Major instances include the state-sponsored violence against Isaaq civilians in the northwest (late 1980s, often also termed the Isaaq genocide), the 1991–1992 campaign targeting Darod-associated civilians in Mogadishu and central and southern Somalia, and the violence against Rahanweyn communities in the inter-riverine regions (early to mid-1990s, accompanied by an engineered famine). These episodes share features of deliberate "othering," organized perpetration, and intent to render areas clan-homogeneous through force, though they differ in state vs. non-state character, scale, and specific political triggers.

Lidwien Kapteijns' 2013 book provides the most detailed historical reconstruction and analytical framework for the 1991–1992 phase, characterizing it as a transformative "key shift" toward communal (neighbor-against-neighbor) violence outside state institutions, driven by clan hate-narratives. Other scholars and reports apply the term more broadly across episodes.

== Isaaq (1987–1989) ==

Under Siad Barre's regime, the northwest (then part of Somalia, now Somaliland) saw systematic state-sponsored violence against Isaaq civilians following the Somali National Movement (SNM) insurgency. This included the creation of special units (e.g., "Dabar Goynta Isaaqa" or Isaaq Exterminators, largely non-Isaaq recruits), aerial bombardment and artillery destruction of Hargeisa (approximately 90% destroyed) and Burao (70% destroyed), widespread landmining of civilian areas and water sources, strafing of fleeing refugees, rape as a weapon, summary executions, and looting.

A 2001 United Nations-commissioned investigation led by Chris Mburu concluded that genocide was committed against the Isaaq people between 1987 and 1989. Death estimates range from 50,000 to 200,000, with up to 500,000 displaced (many to massive refugee camps in Ethiopia, described as one of the fastest and largest forced movements in Africa at the time). The violence was framed by the regime as counter-insurgency but targeted civilians collectively on clan grounds. Early uses of "clan cleansing" in Somali literature (e.g., Ghalib 1995) referred to these north-western events. It is recognized as a form of clan cleansing or genocidal clan-based violence that helped prime later episodes by normalizing large-scale civilian targeting.

== Darod (1991–1992) ==

Following the collapse of the Siad Barre regime and the USC capture of Mogadishu in late December 1990–January 1991, a campaign of clan cleansing targeted civilians associated with the broad genealogical construct of "Darod" (including but far exceeding Barre's inner circle and MOD allies). USC leaders and militias (primarily Hawiye-associated), supported by civilian participants, defined "the Darod" as the mortal enemy to be eliminated and expelled.
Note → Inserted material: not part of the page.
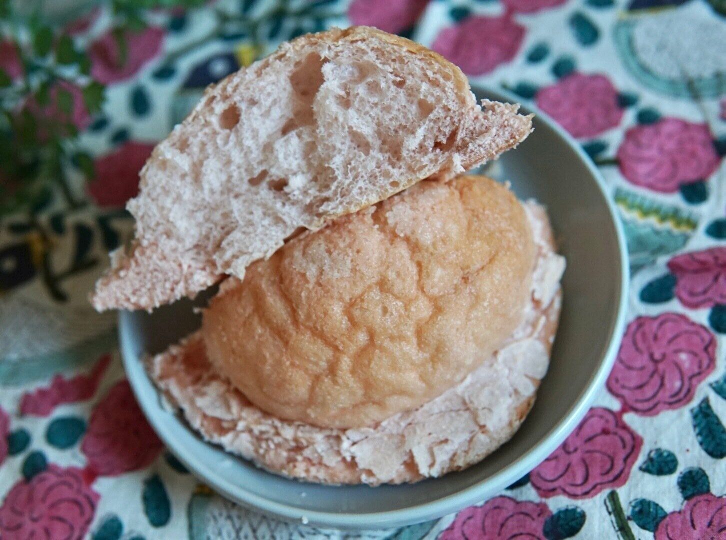 可愛らしいフォルム、そして素朴な味「いちごぼうしパン」

Kapteijns identifies this as a "key shift" for three main reasons: the violence occurred largely outside remaining state institutions, with civilians directly perpetrating and suffering intimate communal attacks on neighbors, acquaintances, and in-laws; political entrepreneurs actively rallied and enabled ordinary people to become perpetrators in the name of clan; and the political axis reversed abruptly from regime versus opposition to clan-construct versus clan-construct, with the Darod equated with the hated regime through hate-narratives such as "Faqash," "remnants of Barre," and "one hundred years of Darod domination."

The campaign featured organized elements, including target lists, mid-level direction, and radio incitement, alongside popular participation driven by revenge, opportunity, fear, and indoctrination. Methods used in Mogadishu and spreading southward and centrally to areas such as Gaalkacyo, Afgooye, Kismaayo, Gedo, Barawa, and riverine regions included house-to-house searches and summary executions, particularly of middle-class professionals and men of distinction, with some houses marked with the letter "D"; widespread rape, including gang rape, as well as torture, mutilation, and humiliation; mass looting and dispossession, often justified as reclaiming "Darod wealth"; and the forced expulsion or flight of residents under threat of violence, resulting in permanent displacement for many survivors.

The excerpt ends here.